The FileStreamReader is for reading files in streaming mode.
-
The supported formats include csv, json, avro, parquet, etc.
-
The options are optional.
-
The schema is optional. If specified, it must be in ddl-schema format. If the schema is defined in a file, please use ddlSchemaFile with the file-name as the value.
-
For watermark configuration, the timeField is one field in the dataframe to be used for the delay calculation.
-
To add a custom (processing) timestamp, please use the addTimestamp property.

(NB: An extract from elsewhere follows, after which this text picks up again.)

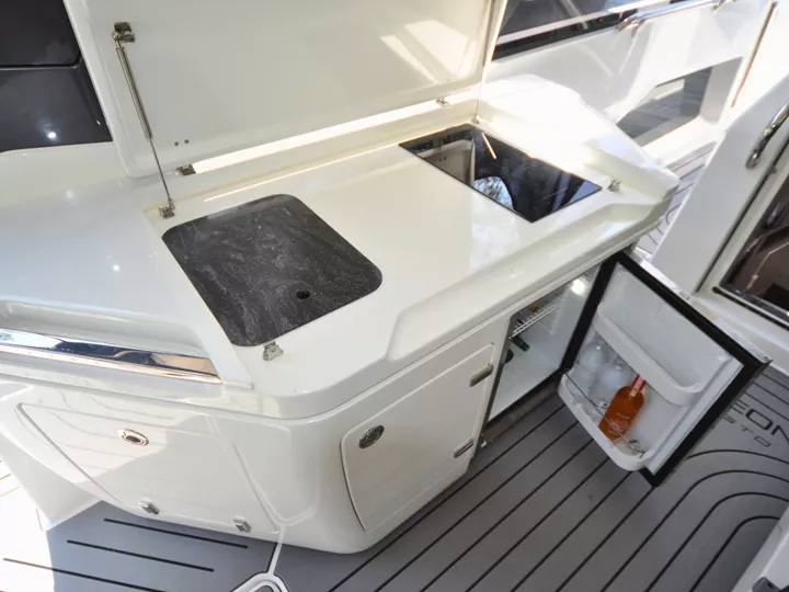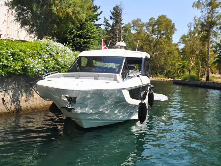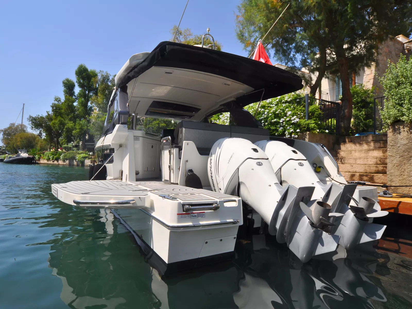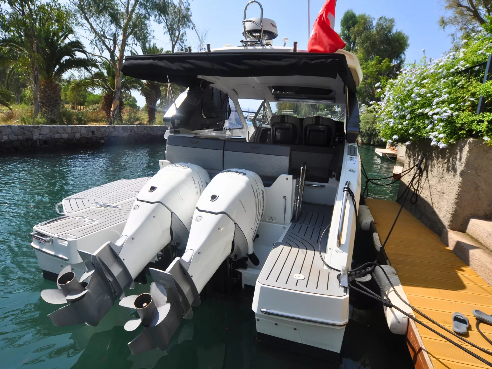 Güçlü, Lüks ve Konforlu Seyir 2022 model Galeon 325 GTO, performans, konfor ve şıklığı bir arada sunuyor. 2 x Mercury Verado 400 XXL motor, Joystick kontrol ve yenilikçi Skyhook özelliği ile manevra ve demirleme çok kolay. Tekne, yan taraf açılan balkonuyla hem kokpit alanını hem de suya yakın yaşam alanını genişletiyor. Konfor açısından da eksiksiz olan teknede 5 kW jeneratör, klima ve su yapıcı gibi donanımlar bulunuyor. Galeon 325 GTO, kompakt ama ferah tasarımı, yüksek performansı ve lüks detaylarıyla denizdeki her seyri özel kılıyor. Hemen teslimat için hazır – bir sonraki deniz maceranıza başlayın!
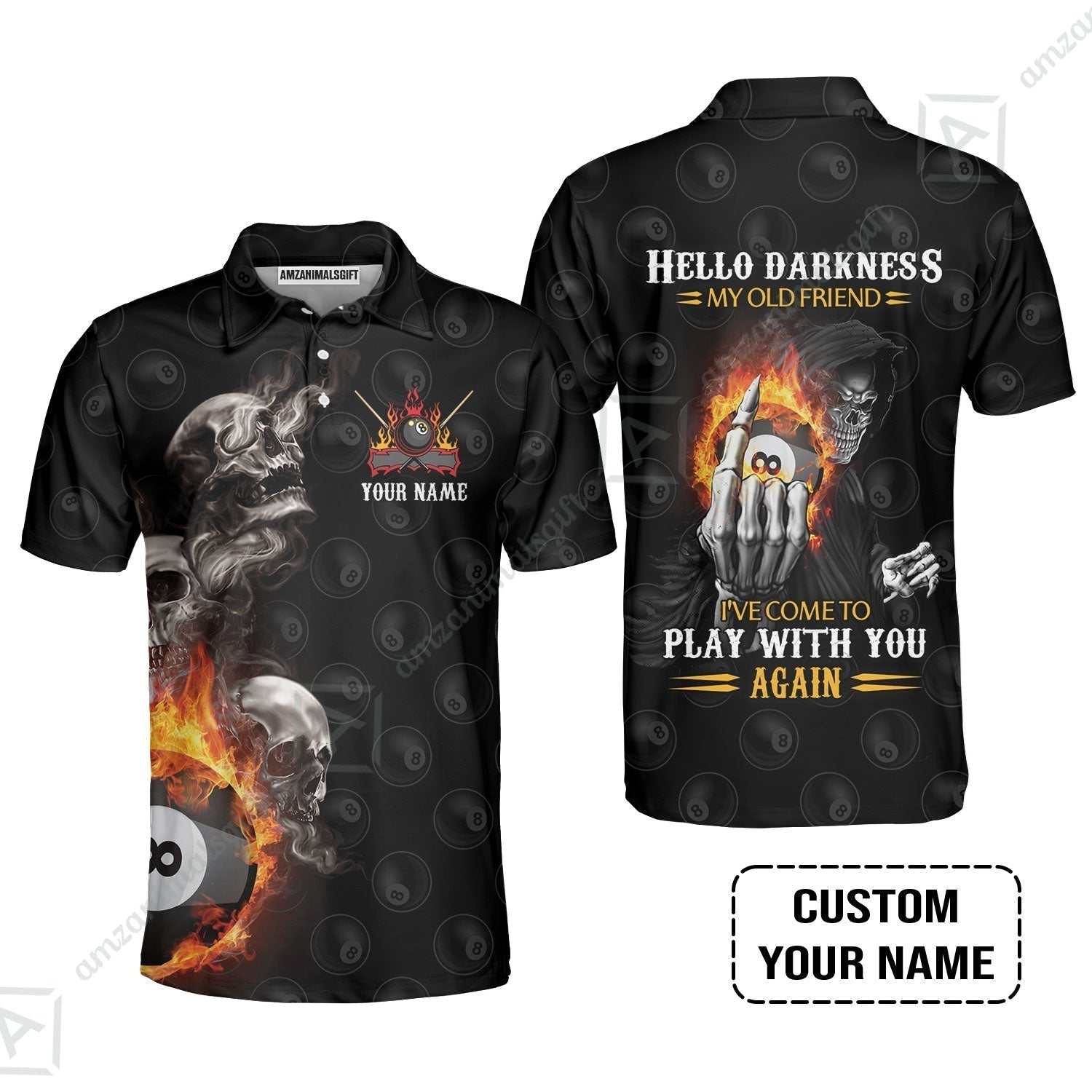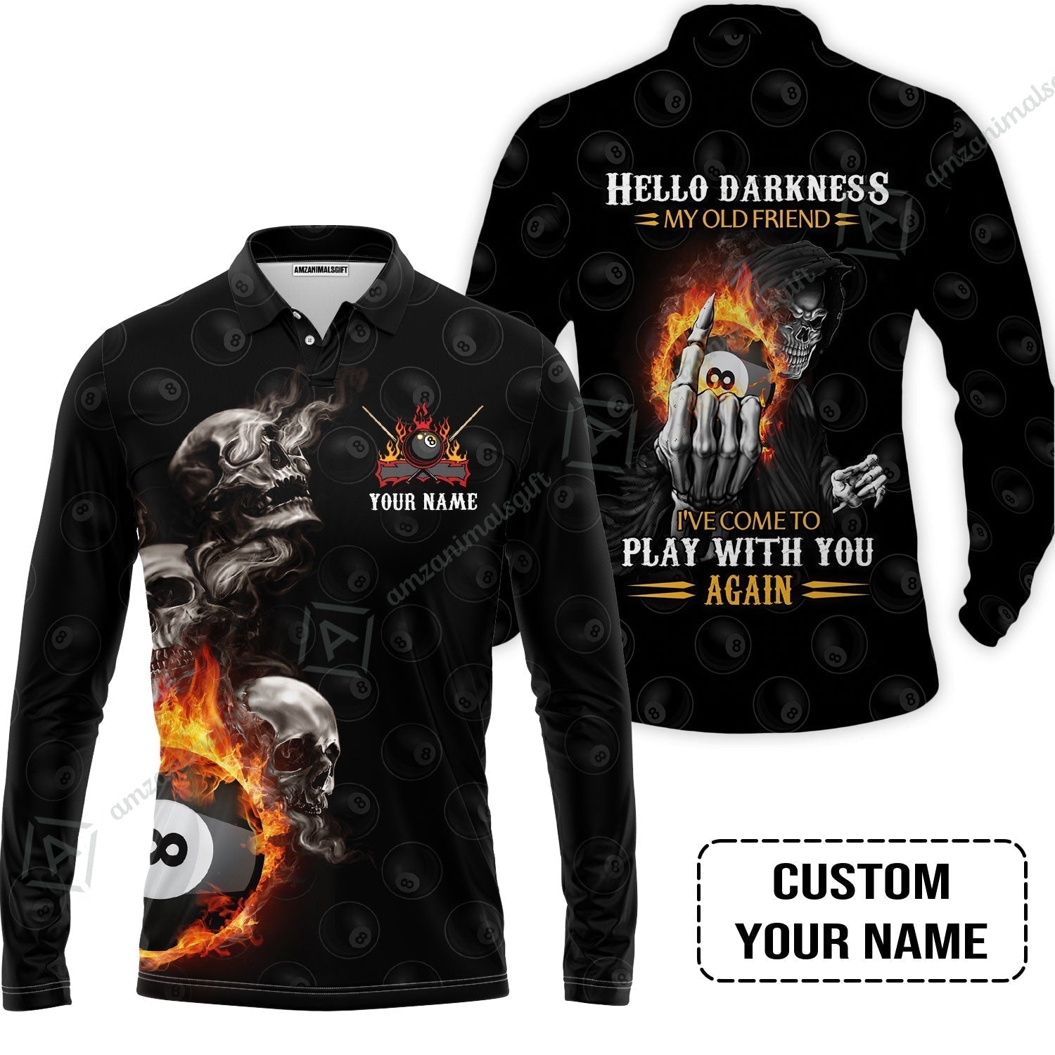 Custom Name Billiard Hawaiian Shirt, Personalized Skull Reaper 8 Ball Pool Billiards, Hello Darkness My Old Friend Hawaiian Shirt

This column is added as the name of __timestamp.
-
To clean up processed files, please enable cleanSource option.
Actor Class: com.qwshen.etl.source.FileStreamReader
The Definition of the FileStreamReader:
- In YAML format
actor:
type: file-stream-reader
properties:
format: csv
options:
header: false
delimiter: ","
quote: \"
timestampFormat: "yyyy/MM/dd HH:mm:ss"
ddlSchemaString: "user_id long, birth_year int, gender string, location string"
watermark:
timeField: __timestamp
delayThreshold: 5 minutes
addTimestamp: true
fileUri: "${event.recommendation.data.users.file}"
- In JSON format
{
"actor": {
"type": "file",
"properties": {
"format": "csv",
"options": {
"header": false,
"delimiter": ",",
"quote": "\"",
"timestampFormat": "yyyy/MM/dd HH:mm:ss"
},
"ddlSchemaString": "user_id long, birth_year int, gender string, location string",
"watermark": {
"timeField": "__timestamp",
"delayThreshold": "5 minutes"
},
"addTimestamp": "true",
"fileUri": "${event.recommendation.data.users.file}"
}
}
}
- In XML format
<actor type="file">
<properties>
<format>csv</format>
<options>
<header>false</header>
<delimiter>,</delimiter>
<quote>"</quote>
<timestampFormat>yyyy/MM/dd HH:mm:ss</timestampFormat>
</options>
<ddlSchemaString>user_id long, birth_year int, gender string, location string</ddlSchemaString>
<watermark>
<timeField>__timestamp</timeField>
<delayThreshold>5 minutes</delayThreshold>
</watermark>
<addTimestamp>true</addTimestamp>
<fileUri>${event.recommendation.data.users.file}</fileUri>
</properties>
</actor>